At the dinner was a silent auction. There was only one thing we bid on that we wanted – And we won!! Scrubbing in and watching a surgery. Now the only problem with that is it’s a back surgery. I would imagine the prize was given by some doc who needs his back operated on who figures anyone can watch. Regrettably I gave up my prize to Nancy. Five years ago Nancy had an artificial disk installed in her lower back, going through the abdomen . She negotiated with the doc that she wanted to stay awake and watch but they said no. So now Nancy gets to finally watch – on someone else. As for me I doubled the bid but said “For liver transplant only”. I thought – fat chance of that. But they took my money and I now feel I am in a strong negotiating position. Yes, I want to watch a liver transplant. So, I approached a few of my surgeon friends introducing myself as their new assistant.

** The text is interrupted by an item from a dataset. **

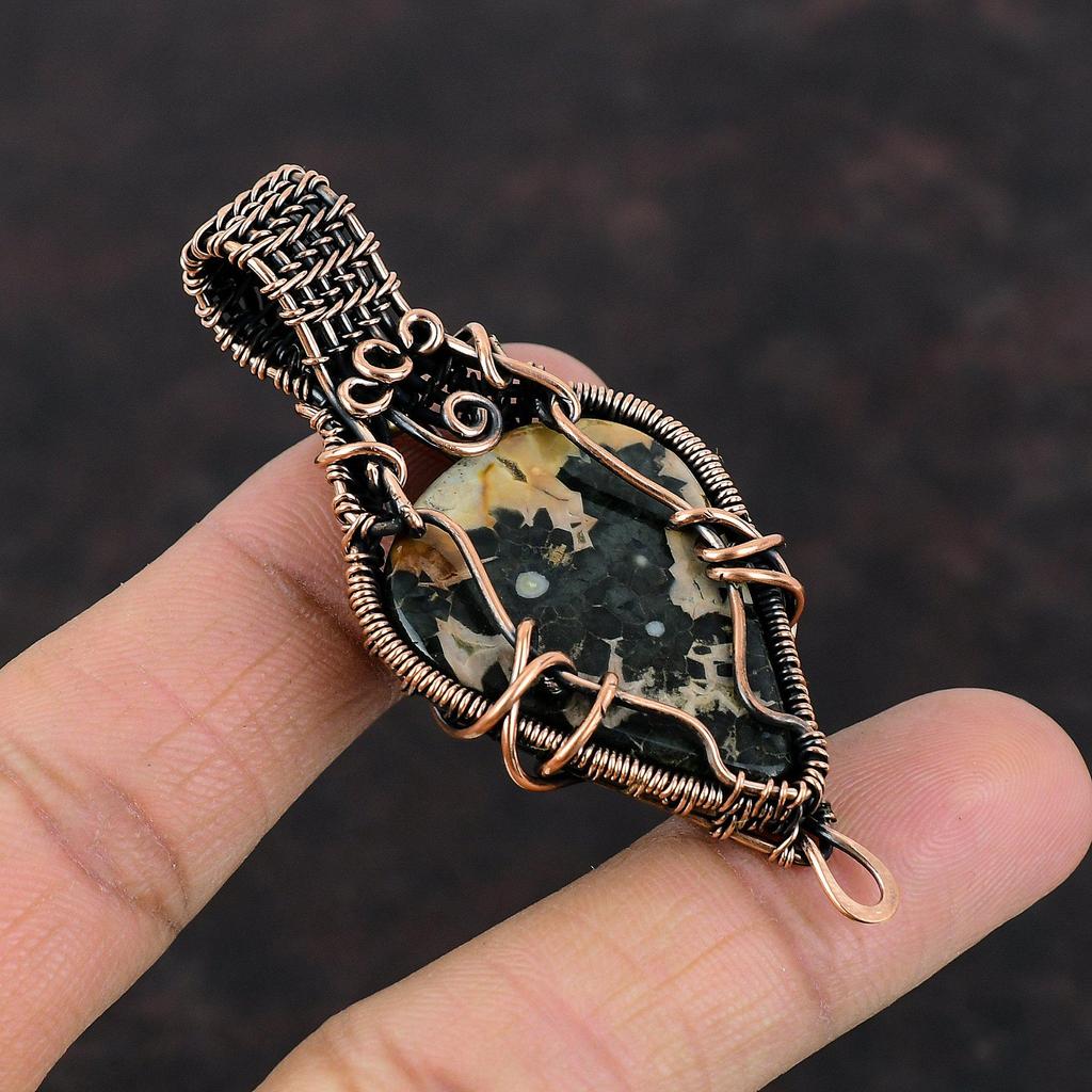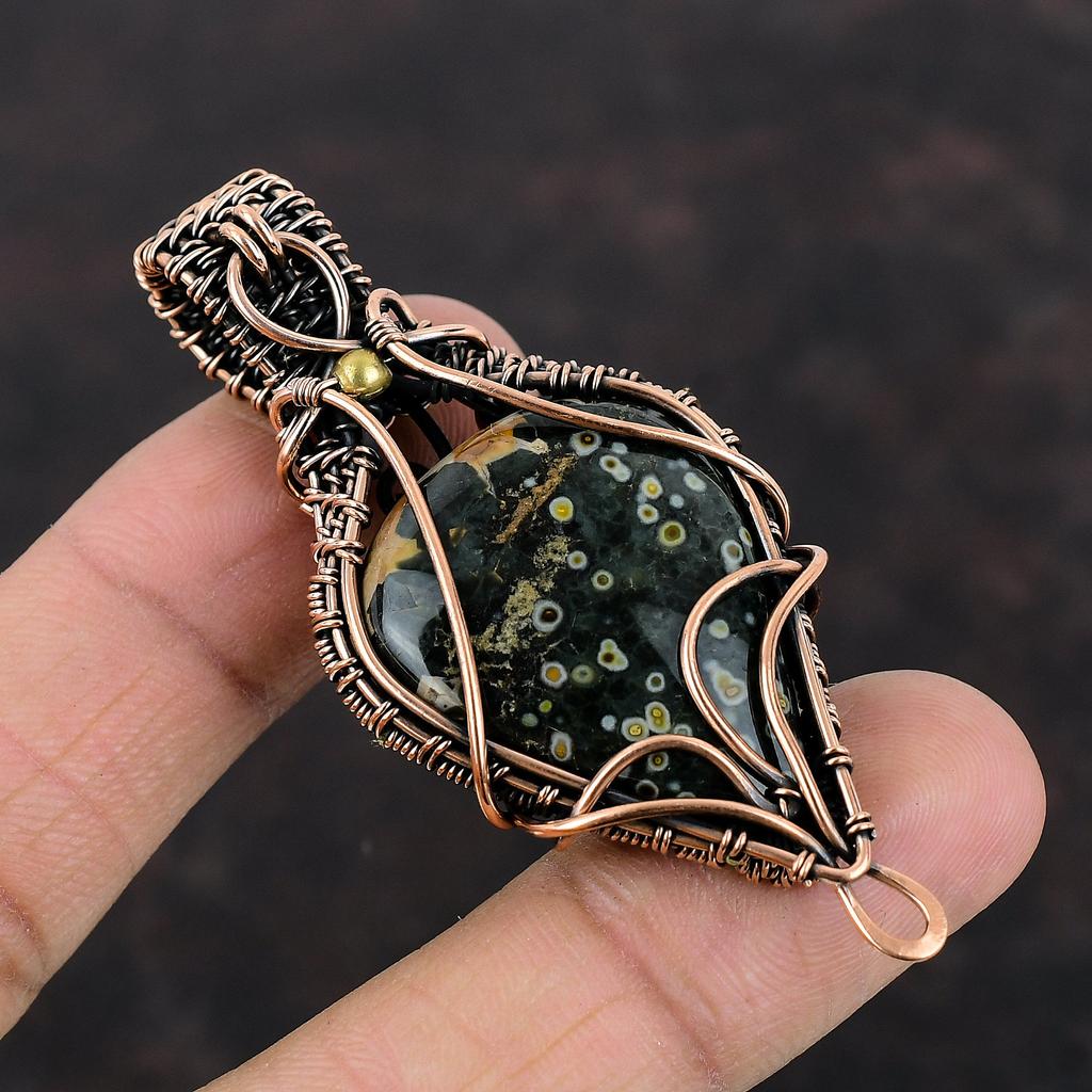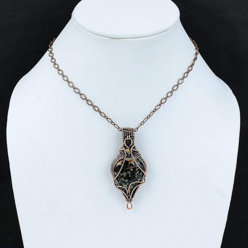 Подвеска из океанической яшмы, обернутая медной проволокой, Подвеска из драгоценного камня, Медные украшения, Ручная работа, Антикварная подвеска, Украшения, обернутые проволокой, Подарок для мамы

No one was impressed with my para-liver transplant surgeon skills and I could only picture myself tied to a chair with a gag in my mouth. I think the closest I’ll get is watching it on TV. And for those of you that want to do that, just tune in at:


This is a modified “made for TV” version, but I think you will get the drift.

Stay healthy and be proactive….

4 Responses to “…. And a good time was had by all”

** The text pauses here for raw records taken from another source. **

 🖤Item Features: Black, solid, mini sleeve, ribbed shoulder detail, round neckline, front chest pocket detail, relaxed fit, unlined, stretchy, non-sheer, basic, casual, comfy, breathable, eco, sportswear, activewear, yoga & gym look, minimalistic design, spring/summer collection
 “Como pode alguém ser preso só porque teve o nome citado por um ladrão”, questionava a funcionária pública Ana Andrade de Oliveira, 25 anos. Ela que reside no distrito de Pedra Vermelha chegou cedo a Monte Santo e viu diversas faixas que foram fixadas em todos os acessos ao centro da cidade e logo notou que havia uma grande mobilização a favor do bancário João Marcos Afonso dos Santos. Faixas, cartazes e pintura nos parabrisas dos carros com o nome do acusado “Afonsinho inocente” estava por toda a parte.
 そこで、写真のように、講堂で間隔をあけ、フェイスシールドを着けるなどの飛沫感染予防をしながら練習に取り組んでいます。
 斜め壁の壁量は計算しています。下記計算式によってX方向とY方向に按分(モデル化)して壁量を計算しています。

  1. September 20, 2011 at 9:42 pm

    What a great post, Dan. You always bring a grin to my face when I read your posts. You and Nancy look fantastic. Thanks for the update. Jennifer and I celebrate your life and God’s blessing upon y’all.

  2. 2 Peter
    November 16, 2011 at 5:01 am

    hi Dan,

    I’ve been following your blog – what a story. Hope you are continuing to enjoy your recovery!

    May I ask, when you were diagnosed with cirrhosis in 2001 – did you have any symptoms? Any problems with bleeding varices, ascites or vitamin deficiencies? Just curious, as my cirrhosis was also caused by alcohol – I’ve no major symptoms yet, but I do have vitamin deficiencies and varices (which have yet to bleed) in my throat.



  3. 3 Paul Hain
    January 2, 2012 at 7:24 pm

    Hi Dan,
    Your daughter Ann is a friend of Mike Cullen who saw my “help Paul find a liver” Facebook page. She gave me the link to your blog. I have enjoyed reading your story. I have Primary Sclerosing Cholangitis (PSC), the same disease Walter Payton “Sweetness” had. I need a transplant bad, but PSC does not measure on the MELD scoring method. My only option is a live donor. I am enrolled at Northwestern Memorial and know Dr. Abecasis . My fourth donor candidate, who incidentally, saw my Facebook page, was tested on 12/29/11. I should know on 1/5/12 whether she is a compatible donor. If yes, surgery will be scheduled very soon.

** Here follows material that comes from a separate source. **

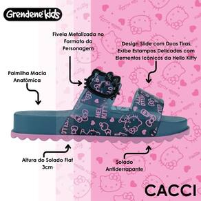 Outro destaque está na fivela metalizada em formato da Hello Kitty, que adiciona um charme especial ao calçado, tornando-o ainda mais exclusivo. Leve, resistente e fácil de limpar, essa sandália é perfeita para passeios, momentos de lazer e para compor looks alegres e descontraídos. Uma opção completa para quem busca um calçado confortável, durável e cheio de personalidade.
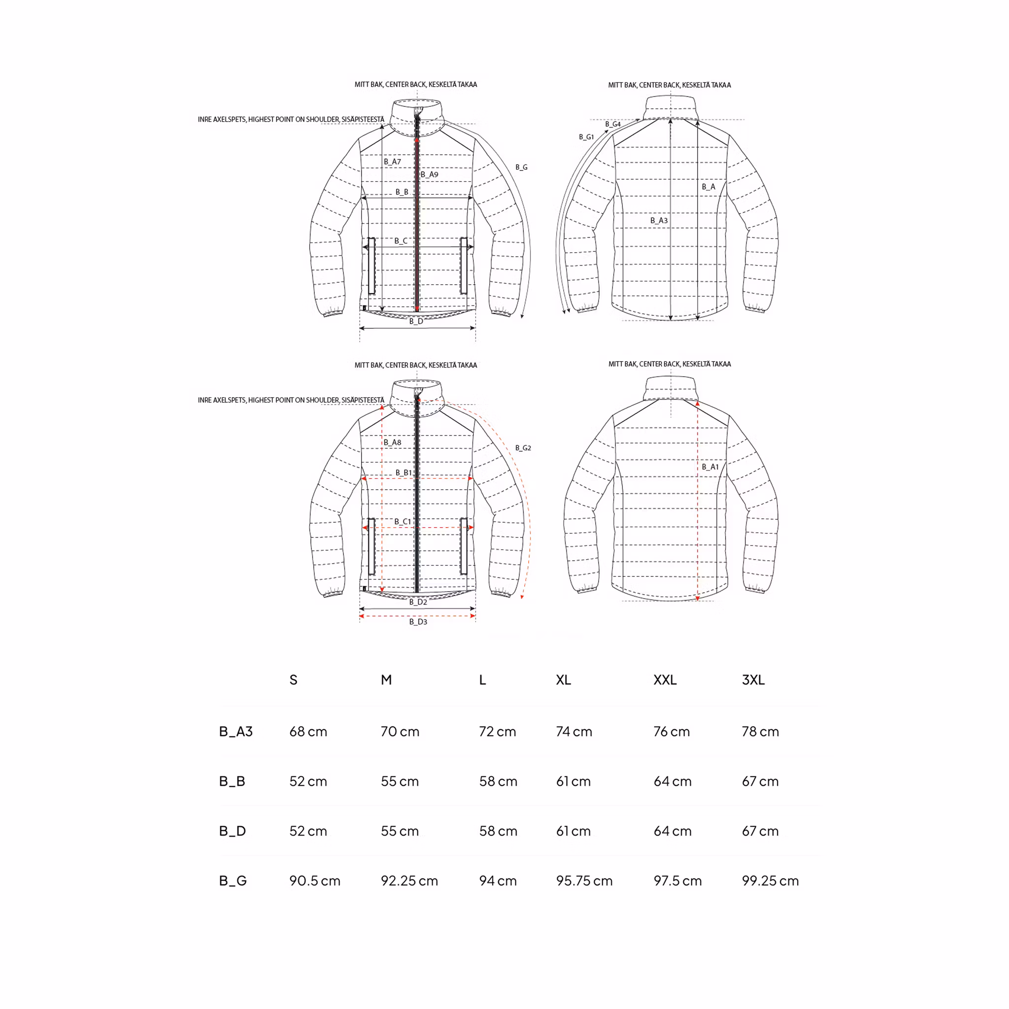 Detaljer: Hög krage, elastiska kantband i ärmslut och huva, justerbar nederkant

    I believe God has endowed people with a compassion to step forward and help others that just defies description. I have End-stage IV cirrhosis without cancer. I stay as active as I can. As you know, fatigue is a big issue. It really limits me. My wife, Dee helps me so much. Wives are the unsung heroes of fighting this disease. My neighbor who has watched me fight this disease and walk my dogs every day says I’m one tough bugger. But, I see it as necessary to never give up, even when you feel awful. If that is being tough, so be it.

    Feel free to contact me, if you want.

    Best wishes to you,

    Paul Hain

  4. January 25, 2012 at 4:08 am

    Hey ! Thanks for story and the link. I would have missed it but was bored poking around my blog! Wow, that is amazing about the study you are in. I’m so happy you don’t have side affects from prograf! I would LOVE to get off of it haha Have a wonderful week!